Problem to solve
Your task is to output the listing word for word, with pictures excluded.

Supplied material
=== Begin Enclosure ===

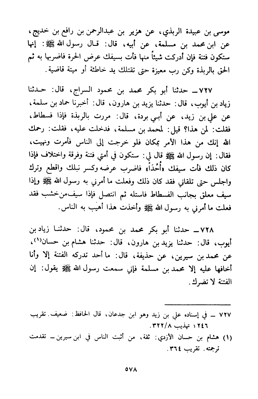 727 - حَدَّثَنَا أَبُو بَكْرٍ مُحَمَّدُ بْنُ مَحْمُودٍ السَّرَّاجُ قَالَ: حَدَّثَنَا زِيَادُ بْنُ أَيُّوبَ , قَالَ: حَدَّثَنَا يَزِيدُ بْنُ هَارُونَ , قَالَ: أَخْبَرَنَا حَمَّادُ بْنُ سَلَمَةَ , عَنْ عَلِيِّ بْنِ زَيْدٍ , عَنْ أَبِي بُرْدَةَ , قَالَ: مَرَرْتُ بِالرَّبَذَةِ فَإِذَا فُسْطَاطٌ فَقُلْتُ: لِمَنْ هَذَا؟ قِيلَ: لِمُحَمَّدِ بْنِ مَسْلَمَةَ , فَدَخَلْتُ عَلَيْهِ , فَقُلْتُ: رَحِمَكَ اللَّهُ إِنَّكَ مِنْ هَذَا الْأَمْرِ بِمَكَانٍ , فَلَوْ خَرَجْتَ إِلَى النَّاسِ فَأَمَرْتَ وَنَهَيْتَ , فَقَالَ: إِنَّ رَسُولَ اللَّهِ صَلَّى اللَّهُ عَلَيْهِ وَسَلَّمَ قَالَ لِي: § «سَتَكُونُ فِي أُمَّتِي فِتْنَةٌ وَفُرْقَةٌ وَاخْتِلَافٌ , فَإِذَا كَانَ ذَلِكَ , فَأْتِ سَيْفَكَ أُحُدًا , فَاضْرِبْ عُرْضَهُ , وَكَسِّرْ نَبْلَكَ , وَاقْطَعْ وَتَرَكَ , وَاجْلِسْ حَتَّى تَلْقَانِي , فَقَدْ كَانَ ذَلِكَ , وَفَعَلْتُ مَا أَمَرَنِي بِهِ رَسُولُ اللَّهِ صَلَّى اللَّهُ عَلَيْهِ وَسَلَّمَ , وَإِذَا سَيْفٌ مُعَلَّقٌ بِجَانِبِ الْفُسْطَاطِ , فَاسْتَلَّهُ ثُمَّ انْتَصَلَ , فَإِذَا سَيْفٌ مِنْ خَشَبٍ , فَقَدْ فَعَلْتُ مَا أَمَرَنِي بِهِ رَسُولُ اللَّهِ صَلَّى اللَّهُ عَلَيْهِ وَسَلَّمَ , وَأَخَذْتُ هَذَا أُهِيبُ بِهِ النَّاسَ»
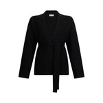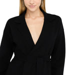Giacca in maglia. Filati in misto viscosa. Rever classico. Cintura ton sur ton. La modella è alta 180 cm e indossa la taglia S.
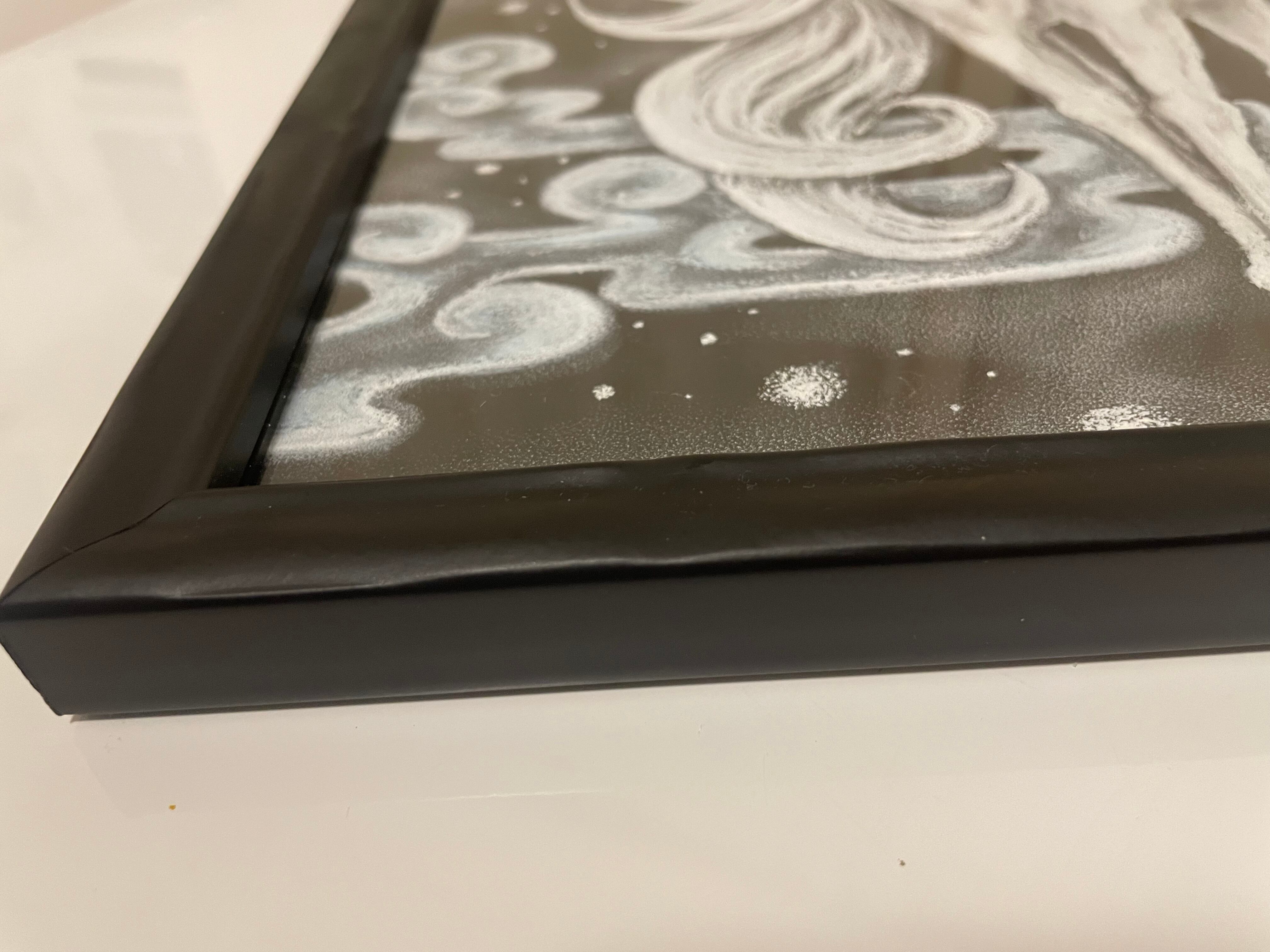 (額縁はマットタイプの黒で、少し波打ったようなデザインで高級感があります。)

=== End Enclosure ===

Problem solution
 727 - حَدَّثَنَا أَبُو بَكْرٍ مُحَمَّدُ بْنُ مَحْمُودٍ السَّرَّاجُ قَالَ: حَدَّثَنَا زِيَادُ بْنُ أَيُّوبَ , قَالَ: حَدَّثَنَا يَزِيدُ بْنُ هَارُونَ , قَالَ: أَخْبَرَنَا حَمَّادُ بْنُ سَلَمَةَ , عَنْ عَلِيِّ بْنِ زَيْدٍ , عَنْ أَبِي بُرْدَةَ , قَالَ: مَرَرْتُ بِالرَّبَذَةِ فَإِذَا فُسْطَاطٌ فَقُلْتُ: لِمَنْ هَذَا؟ قِيلَ: لِمُحَمَّدِ بْنِ مَسْلَمَةَ , فَدَخَلْتُ عَلَيْهِ , فَقُلْتُ: رَحِمَكَ اللَّهُ إِنَّكَ مِنْ هَذَا الْأَمْرِ بِمَكَانٍ , فَلَوْ خَرَجْتَ إِلَى النَّاسِ فَأَمَرْتَ وَنَهَيْتَ , فَقَالَ: إِنَّ رَسُولَ اللَّهِ صَلَّى اللَّهُ عَلَيْهِ وَسَلَّمَ قَالَ لِي: § «سَتَكُونُ فِي أُمَّتِي فِتْنَةٌ وَفُرْقَةٌ وَاخْتِلَافٌ , فَإِذَا كَانَ ذَلِكَ , فَأْتِ سَيْفَكَ أُحُدًا , فَاضْرِبْ عُرْضَهُ , وَكَسِّرْ نَبْلَكَ , وَاقْطَعْ وَتَرَكَ , وَاجْلِسْ حَتَّى تَلْقَانِي , فَقَدْ كَانَ ذَلِكَ , وَفَعَلْتُ مَا أَمَرَنِي بِهِ رَسُولُ اللَّهِ صَلَّى اللَّهُ عَلَيْهِ وَسَلَّمَ , وَإِذَا سَيْفٌ مُعَلَّقٌ بِجَانِبِ الْفُسْطَاطِ , فَاسْتَلَّهُ ثُمَّ انْتَصَلَ , فَإِذَا سَيْفٌ مِنْ خَشَبٍ , فَقَدْ فَعَلْتُ مَا أَمَرَنِي بِهِ رَسُولُ اللَّهِ صَلَّى اللَّهُ عَلَيْهِ وَسَلَّمَ , وَأَخَذْتُ هَذَا أُهِيبُ بِهِ النَّاسَ»
Giacca in maglia. Filati in misto viscosa. Rever classico. Cintura ton sur ton. La modella è alta 180 cm e indossa la taglia S.
 (額縁はマットタイプの黒で、少し波打ったようなデザインで高級感があります。)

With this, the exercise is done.